Ohne Zahl Mit so holdem Liebesleben Lächeln, blitzen, glühn und schweben! Flüchtig, leicht und bunt beschwingt,

Schwärmen sie wie Frühlingsbienen; Alles seh' ich blüh'n und grünen, Lenz und Leben sind verjüngt, Jedes bringt

Freundlich seine süßen Gaben, Um mein traurend Herz zu laben. Eines will mit Sonnenschein Flur und Himmel mir besäumen,

Jenes singt auf blüh'nden Bäumen Wie ein zartes Vögelein, Und im Hain Rinnt ein andres leis' und helle,

Rauscht und spielt wie West und Welle.

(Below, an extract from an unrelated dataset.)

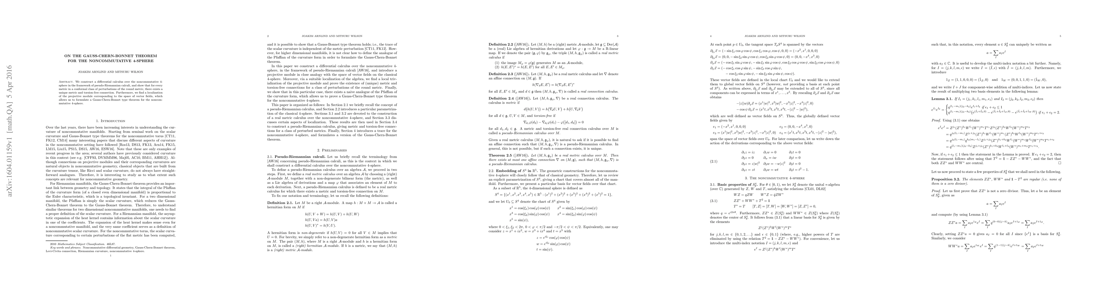 This work contributes to the understanding of noncommutative geometry by establishing a Gauss-Chern-Bonnet theorem for the noncommutative 4-sphere, which links topological invariants with curvature properties in a noncommutative setting.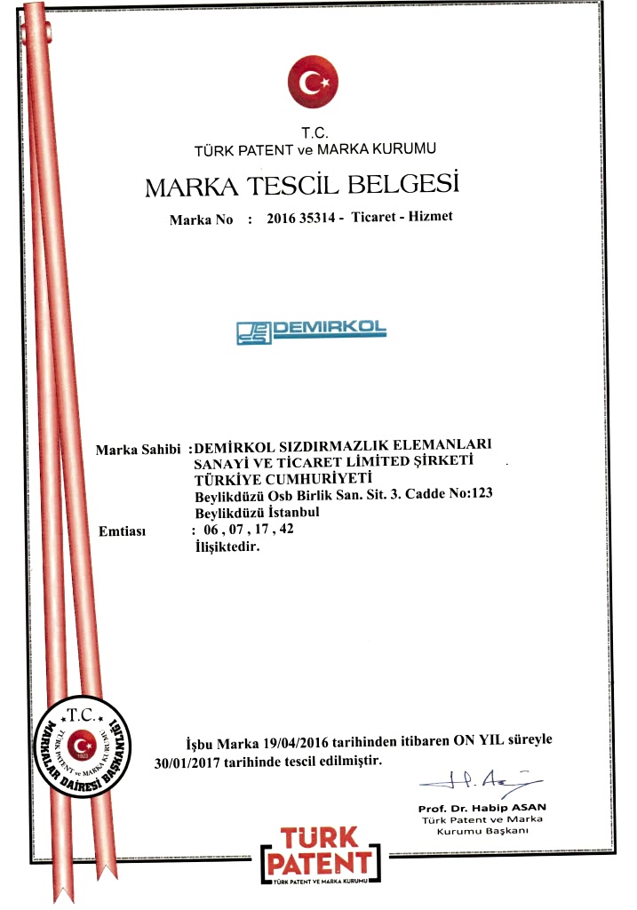 DEMİRKOL MARKA TESCİL BELGESİ

Bange Lust und linde Ruh, Wünsch' und fröhliches Gelingen Lächeln, flüstern, wehn und singen

Mir die Holden freundlich zu, Und was du Nimmer mir gewährst, das bieten Mir die süßen Liebesblüthen.

Schon dein sel'ges Bild allein Kann mir alles Schöne geben, Denn es wohnen Lieb' und Leben, Lenzgesang und Sonnenschein,

Lust und Pein, Keuscher Thau und helle Flammen Dir in einem Blick beysammen.